In this way, innocent blood will not be shed, and you will not become guilty of bloodshed in the land the Lord your God is giving you as an inheritance. ~Deuteronomy 19:10
If you follow baseball, you know that one of the most important things coaches discuss about pitchers is the quality of their pick-off play. How quickly can the pitcher change his motion from a pitch to the batter standing at home plate, to a throw over to first base, catching the runner who is sneaking closer and closer toward second? What are the things a pitcher does that tip the runner off that the throw is coming his way?
You don’t even have to be a big baseball fan to know what a runner looks like as he bobs and dances just a few feet from the safety of the first-base bag. His goal is to get a head start on his journey to second base and to avoid being thrown out by a pitcher with a good pick-off move.
We’re often tempted to live our lives away from safe zones. We’re usually a few feet from the bag, trying to move ahead to second base while desperately hoping to avoid getting caught. The external pressure and internal tension of living in this place can be exhausting.
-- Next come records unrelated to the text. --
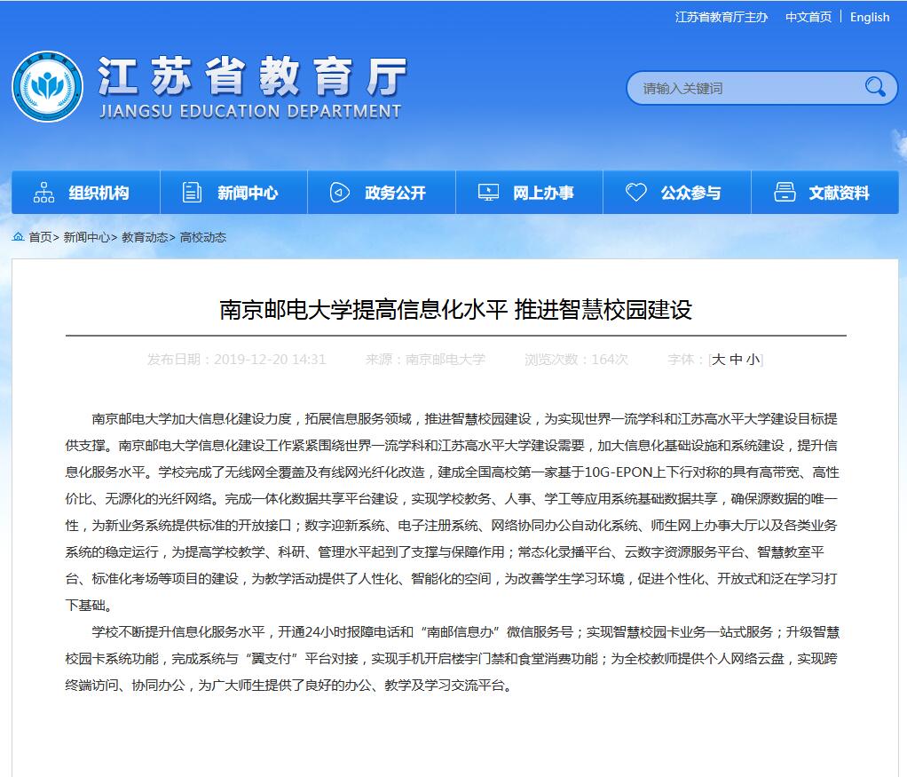 | 【江蘇教育】南京郵電大學(xué)提高信息化水平 推進(jìn)智慧校園建設(shè) |
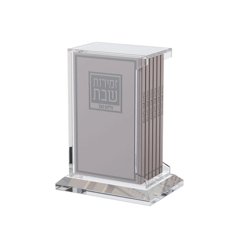 שדרגו את שולחן השבת או יום טוב שלכם עם השולחן המעודן הזה סט זמירוס מעור ולוסיט . כולל אותיות חדות ונועזות, מודפסות להפליא ומוגנות על ידי כיסוי חלק וקל לניקוי. כריכה קשה כיסוי עור, משלב סגנון ועמידות. הסט, המאוחסן במארז לוסיט שיקי, נשאר במצב חדש ומוכן לשימוש. קולקציית זמירוס זו מוסיפה נופך מתוחכם לעיצוב השולחן שלכם או מהווה מתנה נהדרת.
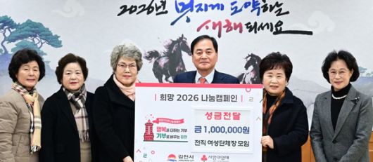 [김용구 기자] (김천=국제뉴스) 김용구 기자 = 김천시는 최근 전직 여성 단체장 모임(회장 이정숙)으로부터 희망2026나눔캠페인 성금 100만원을 전달받았다고 밝혔다.
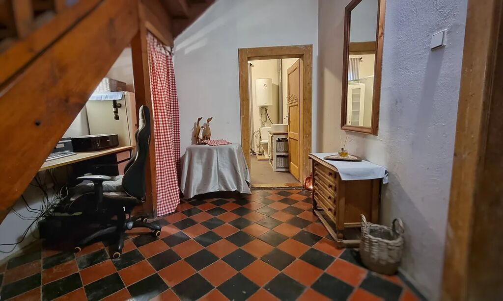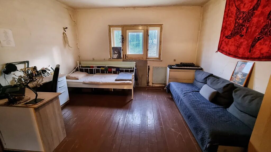 Cihlový rodinný dům o dispozici 3+kk a podlahové ploše cca 80m2 se skládá z přízemí a 1.patra. Přízemí rodinného, cihlového domu tvoří předsíň, koupelna se sprchovým koutem + toaletou, obývací pokoj s krbovými kamny a odděleným kuchyňským koutem, a ložnicí. V prvním patře, propojeném dřevěným schodištěm, nalezneme oddělenou ložnici.
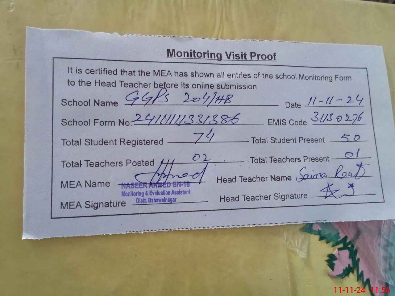 | EMIS Code: 31130276 | Name of School: GGPS CHAK NO 204 HB | |||
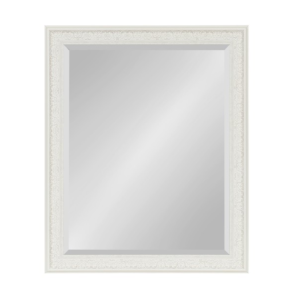 Using a mirror to dress up a part of your home is a simple choice with the Alysia rectangular wall mirror by Kate and Laurel. It is a beautiful addition to any wall and an essential element in your home decor. An easy way to revamp a space, the large 26.5 x 32.5-inch rectangle frame has the perfect dimensions to add a stylish statement to a hallway, bedroom or living room. You could even place two on adjacent walls for opening up space in any smaller room. The substantial size makes it a natural selection for your bathroom either as a tasteful piece of wall art or a practical vanity mirror. The traditional, ornately decorative frame creates a romantic look in a classic design and blends with other styles well, so it is sure to fit perfectly in a kitchen, hallway or dining room too. The frame is made of a sturdy polystyrene material and has a 2.5-inch wide profile with a lovely white-wash foil finish with a beautiful embossed pattern. The beveled mirror surface is a generous 21.5 x 27.5 inches, reflecting lots of light and brightening up any space.
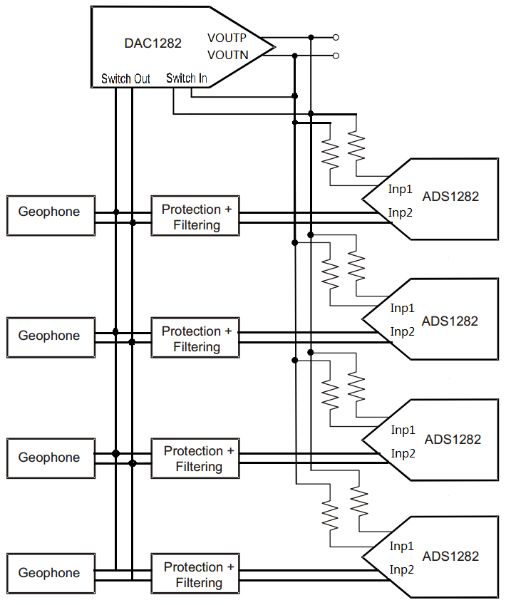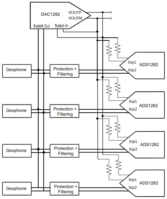 2、利用DAC1282对采集系统做校准和测试时,能否按照以下结构连接各个芯片?
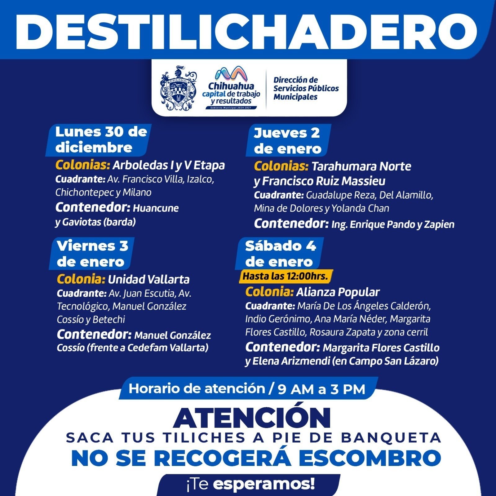 Chihuahua, Chih.- El Gobierno Municipal de Chihuahua anunció el calendario del programa Destilichadero, que se llevará a cabo del 30 de diciembre al 4 de enero en seis colonias de la ciudad.
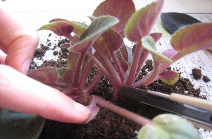 Възрастен Сенполия увеличава дъщерните си розетки. Растение в това състояние в саксията има малко място за развитие, така че децата трябва да седят. За да направите това, майчиният храст се отстранява внимателно от контейнера, младите гнезда се отделят, всяка секция се засажда отделно.

The interesting verses today are about places that were like the safety of standing on the first-base bag. These locations were often referred to as “cities of refuge.” God asked Moses to establish these cities as “safe places” for people who were wrongly accused of murder but who were, nonetheless, under the threat of danger by their accusers. Imagine such a space where the truth about you was all that mattered, a place where no one pretended and no one jumped to premature and inaccurate conclusions.
This would be a community where you could be who you are without the pressure to be someone else. It would be a place where you were loved and appreciated, not because of your activity or your capability but simply because you were you.
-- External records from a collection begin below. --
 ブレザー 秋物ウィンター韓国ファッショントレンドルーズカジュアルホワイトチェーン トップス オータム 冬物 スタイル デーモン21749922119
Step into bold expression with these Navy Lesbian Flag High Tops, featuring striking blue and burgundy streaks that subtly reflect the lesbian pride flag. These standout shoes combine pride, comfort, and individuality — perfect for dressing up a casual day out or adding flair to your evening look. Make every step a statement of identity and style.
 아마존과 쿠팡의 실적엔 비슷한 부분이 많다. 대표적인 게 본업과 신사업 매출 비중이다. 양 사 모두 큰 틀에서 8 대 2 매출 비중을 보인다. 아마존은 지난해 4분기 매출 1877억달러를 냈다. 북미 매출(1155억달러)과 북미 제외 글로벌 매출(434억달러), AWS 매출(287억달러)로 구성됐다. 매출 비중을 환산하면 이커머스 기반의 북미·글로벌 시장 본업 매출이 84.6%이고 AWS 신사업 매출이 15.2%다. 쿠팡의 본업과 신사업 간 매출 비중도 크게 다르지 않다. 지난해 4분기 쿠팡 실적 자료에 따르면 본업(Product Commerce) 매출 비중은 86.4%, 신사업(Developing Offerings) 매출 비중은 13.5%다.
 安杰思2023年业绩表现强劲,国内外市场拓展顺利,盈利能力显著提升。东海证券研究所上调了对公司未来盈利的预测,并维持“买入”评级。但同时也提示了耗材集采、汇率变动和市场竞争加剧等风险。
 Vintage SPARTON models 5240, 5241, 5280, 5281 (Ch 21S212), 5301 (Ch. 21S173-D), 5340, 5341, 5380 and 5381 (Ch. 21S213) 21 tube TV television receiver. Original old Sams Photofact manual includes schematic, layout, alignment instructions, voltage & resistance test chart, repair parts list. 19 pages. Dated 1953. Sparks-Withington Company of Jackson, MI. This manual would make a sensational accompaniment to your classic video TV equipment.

Now, don’t get the wrong idea about these areas of refuge. If you read ahead (see vv. 11–13), you’ll see that these cities were not for real murderers to hide. The law applied here just like everywhere else. These were not fortresses for concealing the guilty but sites for the security of the vulnerable—those whom the world had falsely accused.
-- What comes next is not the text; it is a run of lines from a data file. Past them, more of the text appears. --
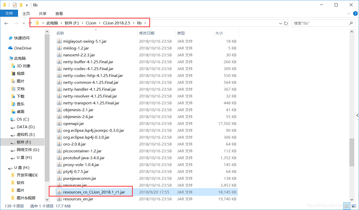 2. 把CLion中文包复制到CLion安装目录下的lib文件夹内(如下图)
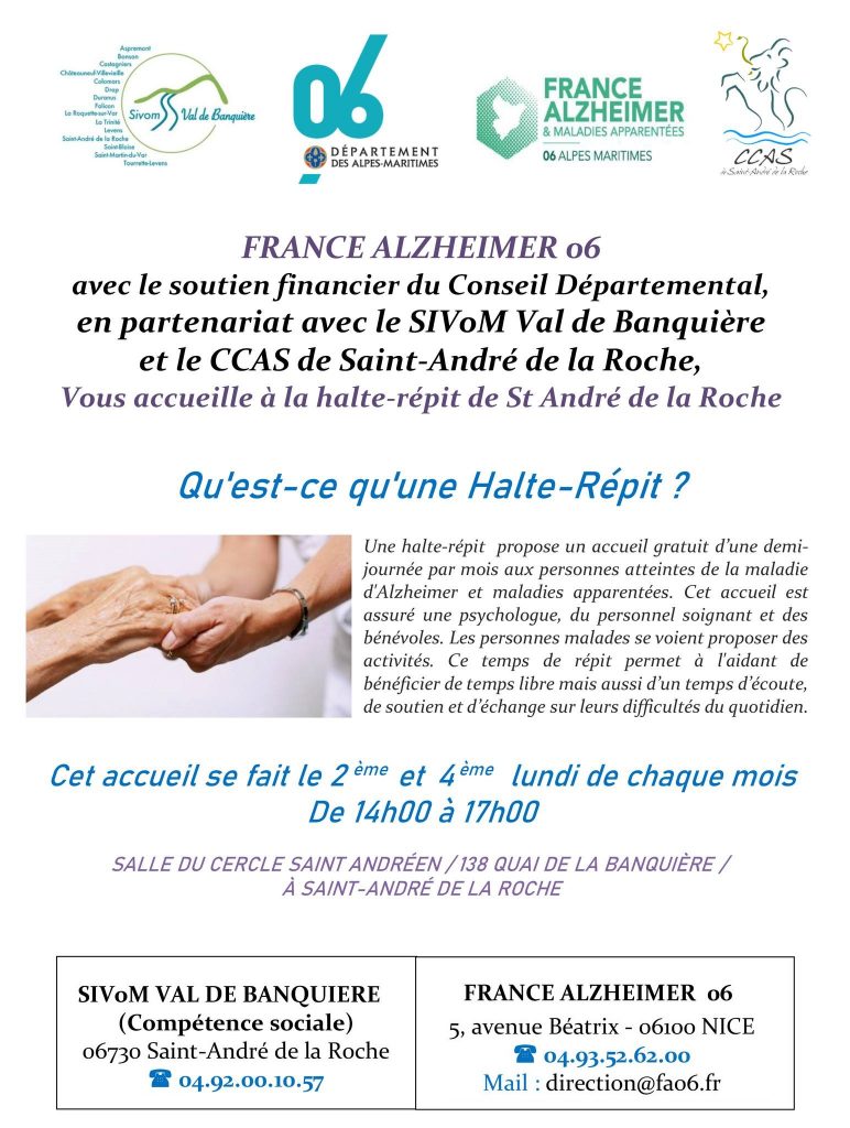 Accueil de 14h à 16h à la Salle du Cercle Saint-Andréen (Quai de la Banquière – 06730 Saint-André de la Roche).
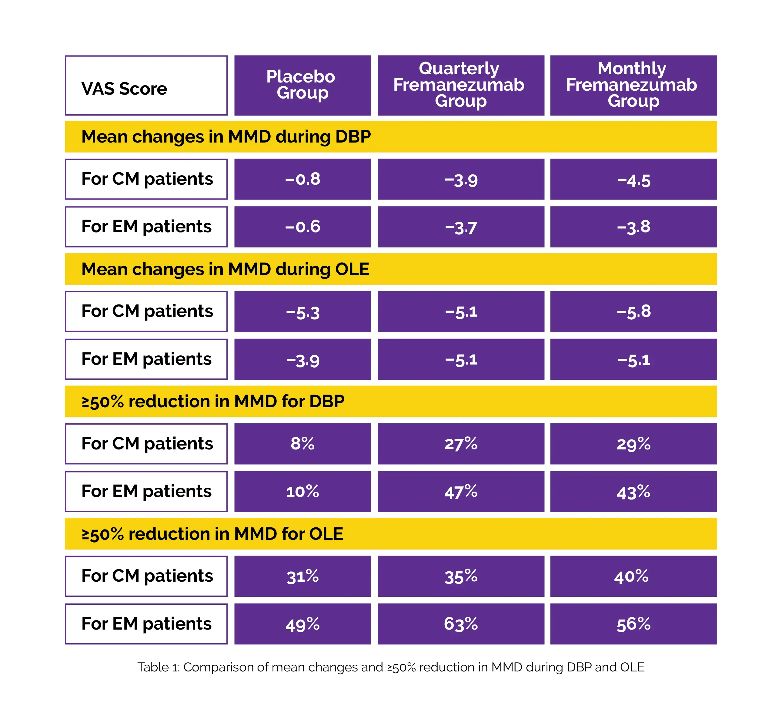 Table 1 illustrates the least squares mean changes in monthly migraine days (MMD) in placebo, quarterly, and monthly Fremanezumab groups for CM patients (n=509) and for EM patients (n=328), mean MMD changes for EM patients (n=313) and for CM patients (n=493) during OLE and DBP. For individuals with CM and EM, the monthly headache days of at least moderate severity decreased during DBP and elevated during OLE. For DBP and OLE, ≥50% reduction in MMD in placebo, quarterly, and monthly Fremanezumab groups for CM and EM individuals was observed.

You’re way ahead of me, aren’t you? If there were ever a fitting description of what your home—or even your place of work—ought to feel like to you, and to each worker or member of your family, it’s this one: a place of refuge, a tender place of welcome and safety. A dwelling where there is no need for pretense and no special value attached to showing off. Where the inhabitants are nurtured without suffocation, disciplined without disrespect, and loved without limits.
Cities of refuge . . . what a great idea. What a good idea it would be to ask God to help you build your home or your place of work like this.